La oración nos ayuda a reconocer el paso de Dios en nuestro día; nos hace más sensibles a su presencia; nos ayuda a ver su mano poderosa. El salmista lo expresa claramente al decir: “Cuando camino en medio de angustias, cuando camino entre peligros, me conservas la vida; extiendes tu mano y ella me salva”. Por eso da gracias. Porque supo reconocer la mano de Dios en las angustias, en los peligros. Tenía dentro de su alma la palabra que el Señor había pronunciado por boca de Isaías: “Yo habito en lo excelso y sagrado, y estoy también con el humillado y abatido, para avivar el espíritu de los abatidos, para avivar el ánimo de los humillados” (Is 57,15). En otro salmo, el salmista dice: “alabemos a nuestro Dios, démosle gracias porque él nos ha devuelto la vida, y no dejó que tropezaran nuestros pies… Vengan a escuchar, les contaré lo que Dios hizo conmigo: a él gritó mi boca y él atendió a mi voz suplicante.” (salmo 65). ¡Si nuestra vida fuera esto, si nuestro día fuera un contar que Dios escucha siempre la voz suplicante!
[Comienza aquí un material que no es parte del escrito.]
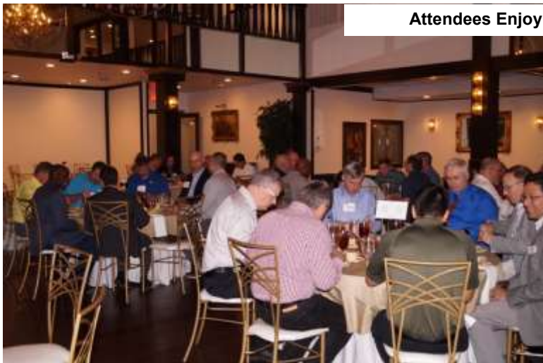
Attendees Enjoy Networking Time
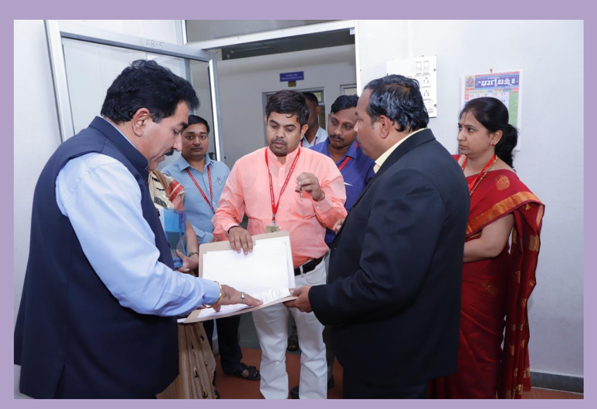
Document verification during department visit
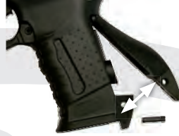
6.1. Fig. 1

The P99 Full Size pistol backstraps are offered in sizes Small, Medium, and Large. The P99 Compact comes with backstraps in sizes Small and Large.
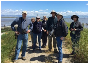
The Wandering Kestrels (Bino is behind the lens)

Shoreline Lake had no new birds to offer. The timer was running out so we hurried back to the mud flats to scan with our scopes and see if we could pick up any more species for the day. We checked every Godwit for a hidden Whimbrel or Curlew, every Western Sandpiper to see if one was a Least Sandpiper or maybe a Dunlin. But no new birds appeared. The timer ended and we all thanked each other for a good time. We ended the day in high spirits and I was happy with 68 species of birds...after all, 17 birds/hour is a pretty decent pace.
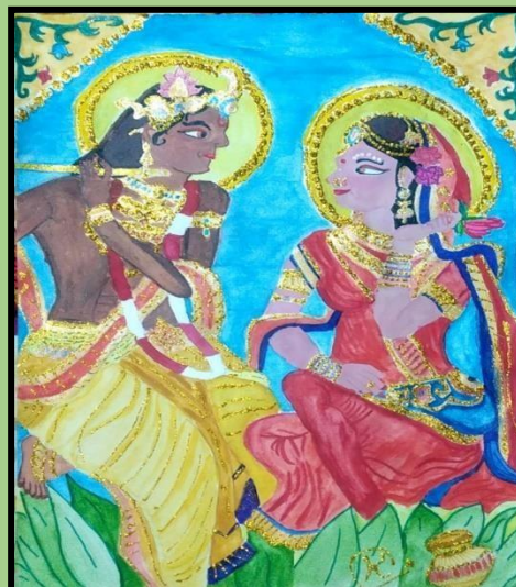
Drawing BY KRITI NARNAG
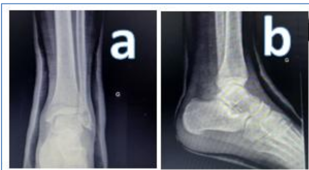
Fig-3: Postreduction radiographs demonstrating congruent of the subtalar joint.
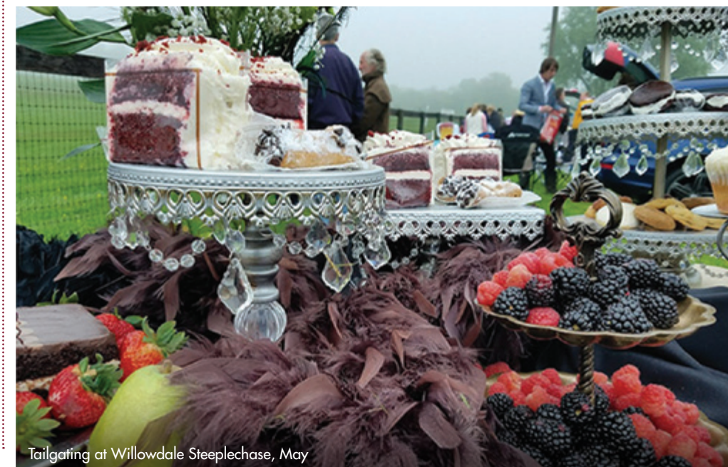
Tailgating at Willowdale Steeplechase, May

AUGUST 24 The Brandywine Valley's Pop-Up BYO Summer Gala, held at a secret location, revealed before the event. Guests wear white and provide their picnic dinner, wine, centerpiece, candles, etc. Benefits Neighbors for Crebilly's work to save open space. Facebook.com/BrandywineInWhite .
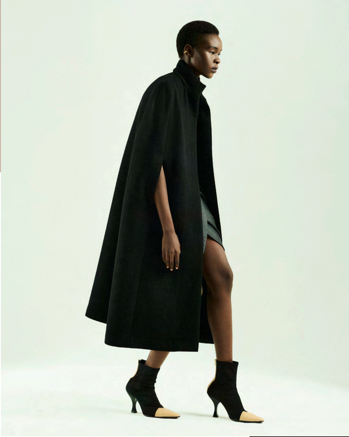
eclipse look - BLACK WOOL CAPE JACKET BLACK
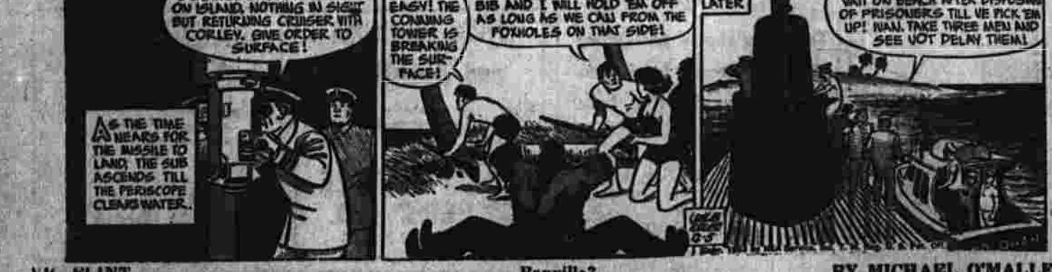
Not Long Now

El salmista acaba plenamente pacificado en las manos de Dios. Todo el día queda envuelto en esta atmósfera de paz, la paz de saber que Dios se ocupará, que él completará lo que nuestra debilidad y nuestros mismos pecados no pudieron alcanzar. Dios lo hará. El verbo que utiliza es “perfeccionar”, Dios perfeccionará su obra en mi, la llevará hasta el fin. Y por eso termina con esta invocación humilde y confiada: “Señor, no abandones la obra de tus manos”. San Agustín, comentando este versículo final dice: “No digo: Señor, no abandones las obras de mis manos; no me glorío de mis obras, pues temo que al examinarlas encuentres más pecados que méritos. Sólo digo esto, sólo deseo pedir esto: No abandones la obra de tus manos. Ve en mí tu obra, no la mía; porque si atiendes a la mía, me condenarás; pero, si ves la tuya, la coronarás. Cualquiera obra buena que tenga, la tengo por ti, por eso es más bien tuya que mía. ¡Oh Señor, no abandones la obra de tus manos!”.

Y para concluir, estas bellísimas palabras de Benedicto XVI que al rezar este este versículo, “Señor no abandones la obra de tus manos, decía:  “También nosotros debemos vivir siempre con esta confianza, con esta certeza en la bondad de Dios. debemos tener la seguridad de que, por más pesadas y tempestuosas que sean las pruebas que debamos afrontar, nunca estaremos abandonados a nosotros mismos, nunca caeremos fuera de las manos del Señor, las manos que nos han creado y que ahora nos siguen en el camino de la vida”.